• Information given:
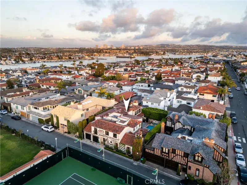 A RARE OPPORTUNITY TO LIVE THE VERY BEST OF LIDO ISLE. Beautifully remodeled and thoughtfully updated, this Spanish Coastal–inspired residence blends timeless design with modern comfort and exceptional craftsmanship. Ideally positioned just steps from Lido’s private beach and clubhouse, and directly across from a wide grassy park, the home offers an extraordinary combination of style, space, outdoor living, and premier location—a blend that is seldom available on the island. Situated on an exceptional 70-foot-wide interior lot—more than twice the width of most Lido Isle parcels—this beautifully landscaped property provides approximately 5,507 square feet of well-designed living space with 5 bedrooms and 5.5 bathrooms, offering privacy, scale, and a relaxed coastal lifestyle rarely found on Lido Isle. The main level is designed for both everyday living and entertaining, featuring a welcoming living room with fireplace, formal dining area, dedicated wine room, and a gourmet kitchen with a sun-filled breakfast nook overlooking the gardens. Nearby, a separate family room with elegant bar and fireplace opens to the outdoor spaces, creating effortless indoor-outdoor flow. Expansive doors lead to lush gardens, a resort-style pool and spa—a true rarity on Lido Isle. A main-level bedroom suite and private office with French doors opening to the charming strada patio complete the first floor. An elevator provides access to the second level, where a loft/den, three additional en-suite bedrooms, and a spacious primary retreat await. The primary suite features a fireplace and adjoining sitting room ideal for an office, fitness space, or private retreat.
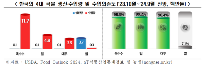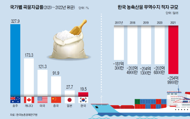 연간 국내 곡물 수요량 2300만t 가운데 1800만t을 수입하는 세계 7대 식량 수입국
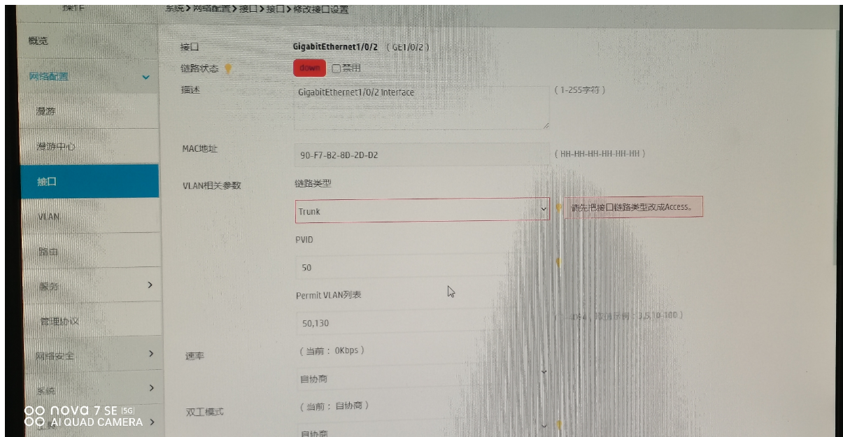 这个接口现在是什么配置,按照提示先把接口改成access,再改成trunk呢
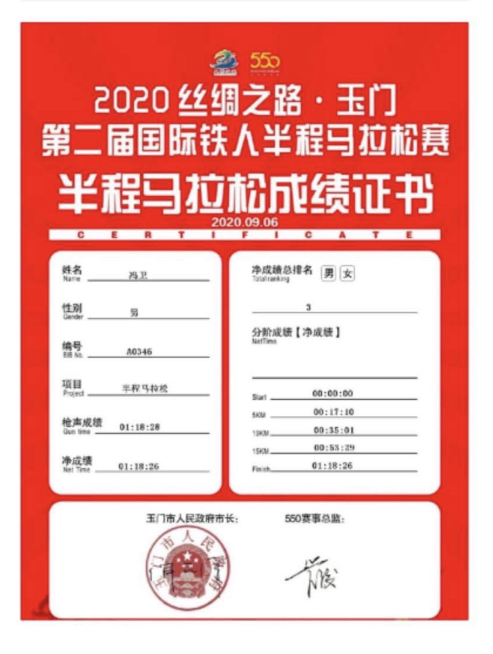由甘肃省体育局、玉门市人民政府主办,玉门市文体广电和旅游局、玉门市体育中心、玉门市委直属机关工委承办,戈友文化传媒(上海)有限公司运营的2020丝绸之路.玉门第二届国际铁人半程马拉松赛于9月6日在玉门市政广场鸣枪开赛,有来自全国19个省份,60多个城市,共计5000名专业马拉松选手参加本次比赛,Beat365官网运动训练专业2018级冯卫同学,在比赛中不畏强手,最终以1小时18分26秒获得男子组第三名的好成绩,为我校争得了荣誉!
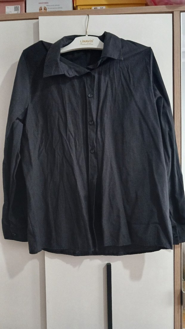Siyah keten kumaştan, düğmeli, yakası kesik ve uzun kollu kadın gömlek. Rahat kesimi ve midi boyu ile ofis kullanımı için uygundur.
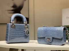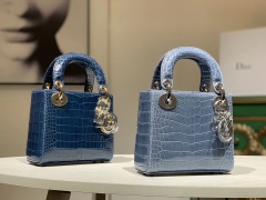 Alligator 美洲鳄 DIOR迪奥戴妃包 金银扣定做 雾霾蓝
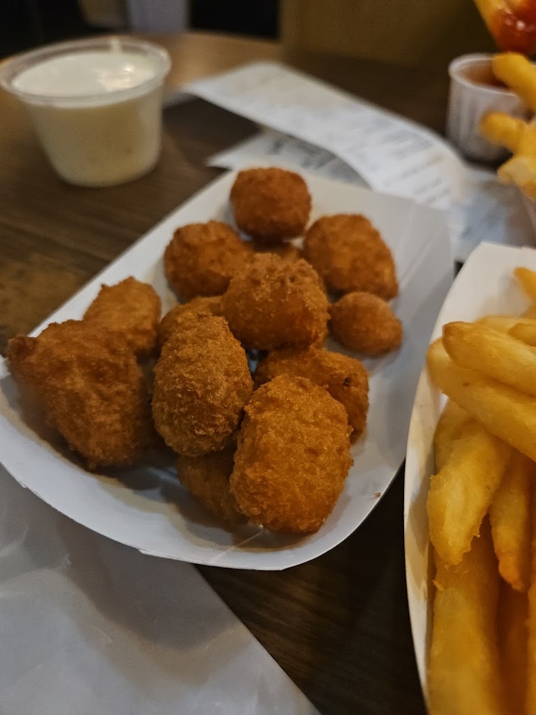 I had a cup of coffee and the cheese curds the garlic cheese curds and they were delicious perfect crunch perfect portion the coffee was great. the service was amazing friendly people attended to me right away. definitely looking forward to visiting someday again. but definitely friends and family when you stop in don't forget to get those cheese curds.
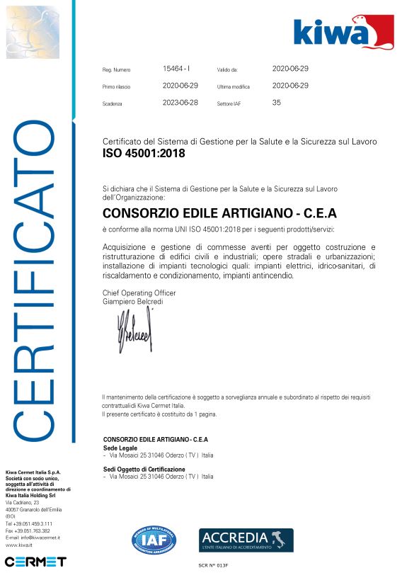 Dal 2020 disponiamo della certificazione UNI EN ISO 45001
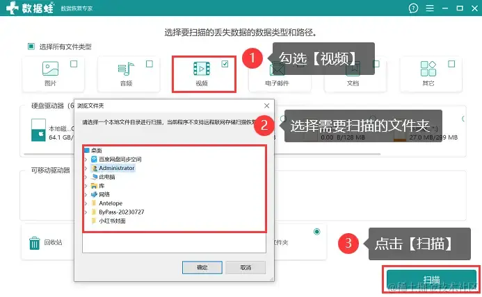 步骤1:将软件下载到电脑上后,运行软件后可以先选择 【免费试用】 ,进入选择界面即可勾选上 【视频】,并勾选上文件删除前所在的文件夹,单击【扫描】;
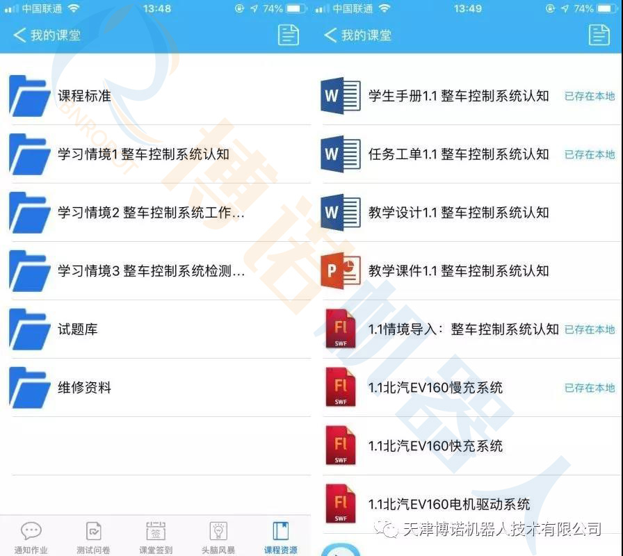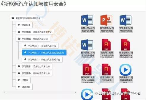 博诺2.教学资源是为一体化教学服务的软件资源总合。为每个学习单元开发的教学资源有:教学设计、学生手册、教学课件、任务工单、教学录像、教学动画、试题库、维修资料等。
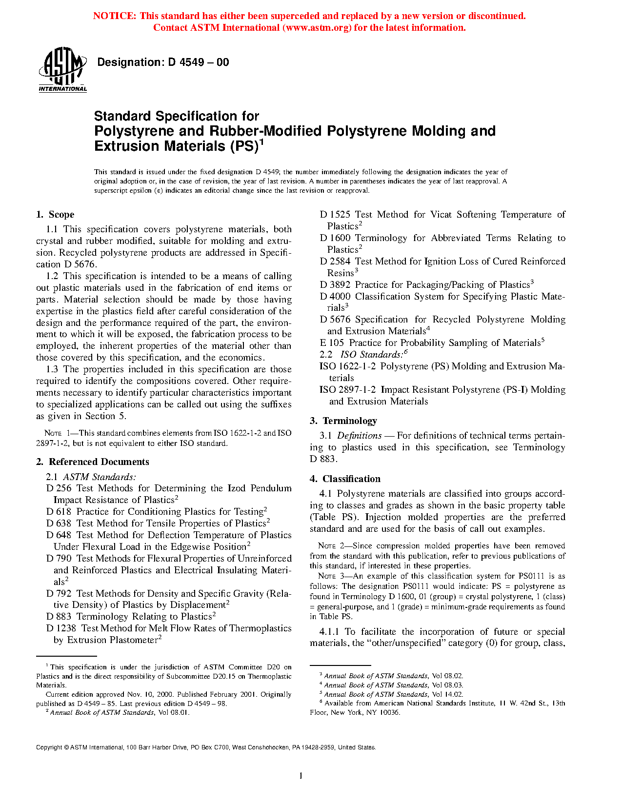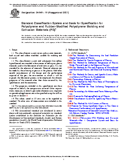 1.1 This classification system covers polystyrene materials, both crystal and rubber modified, suitable for molding and extrusion.
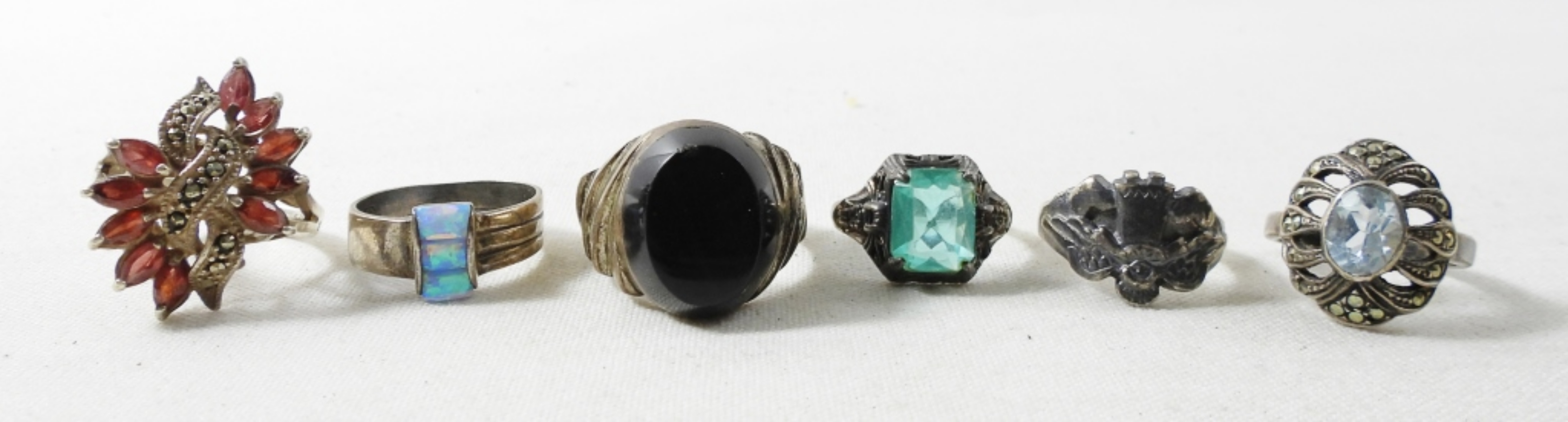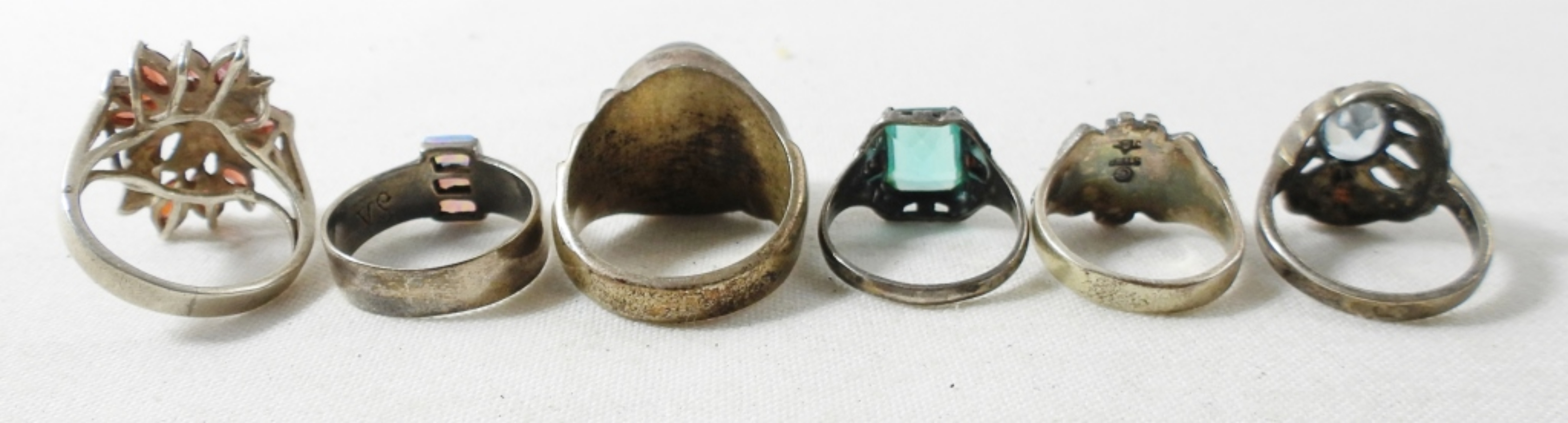 (6 )VINTAGE RINGS VARIOUS DIFFERENT COLOR GEMS & STYLES. RANGE FROM SIZE 6-10 24.8 DWT
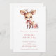 Um convite de aniversário com uma ilustração de um adorável veado bebê. Olhos grandes orelhas com cabeça grande e pequenos galhos castanhos. Vestindo um grande arco vermelho. Ao lado de uma pilha de presentes.
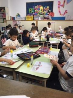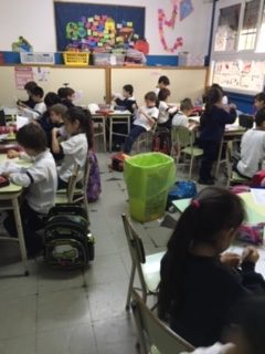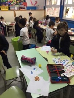 – Armado de capas de lluvia (sachets) junto a P.L. para alumnado de la escuela de Mendoza.
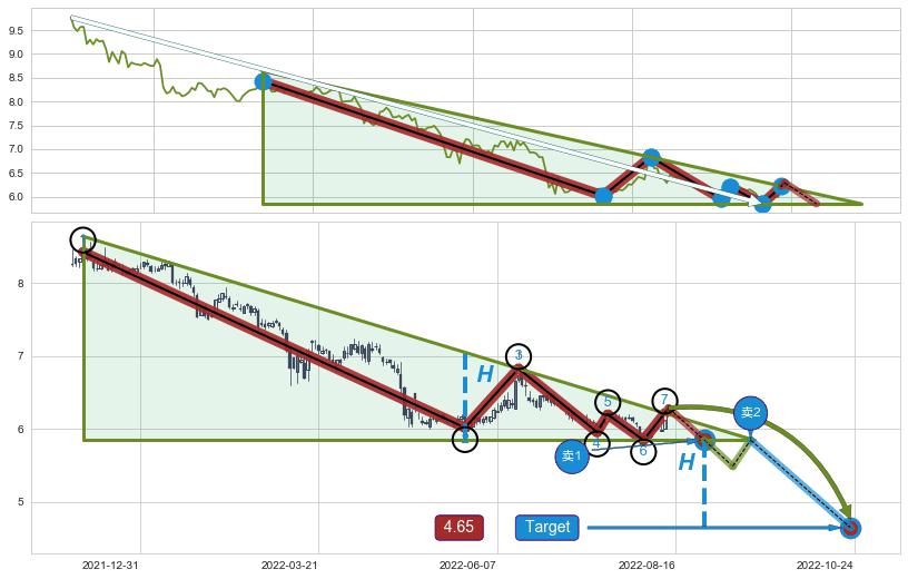 ➢ AI预测: 假定反转启动后, 第❷目标位置(2022-12-20, 6.45)

• Work to complete:
Find the line containing "1.1 This classification" in the records above and restate it, and each line after it through the end, word for word, dropping the pictures.

• Reply to the exercise:
 1.1 This classification system covers polystyrene materials, both crystal and rubber modified, suitable for molding and extrusion.
 (6 )VINTAGE RINGS VARIOUS DIFFERENT COLOR GEMS & STYLES. RANGE FROM SIZE 6-10 24.8 DWT
 Um convite de aniversário com uma ilustração de um adorável veado bebê. Olhos grandes orelhas com cabeça grande e pequenos galhos castanhos. Vestindo um grande arco vermelho. Ao lado de uma pilha de presentes.
 – Armado de capas de lluvia (sachets) junto a P.L. para alumnado de la escuela de Mendoza.
 ➢ AI预测: 假定反转启动后, 第❷目标位置(2022-12-20, 6.45)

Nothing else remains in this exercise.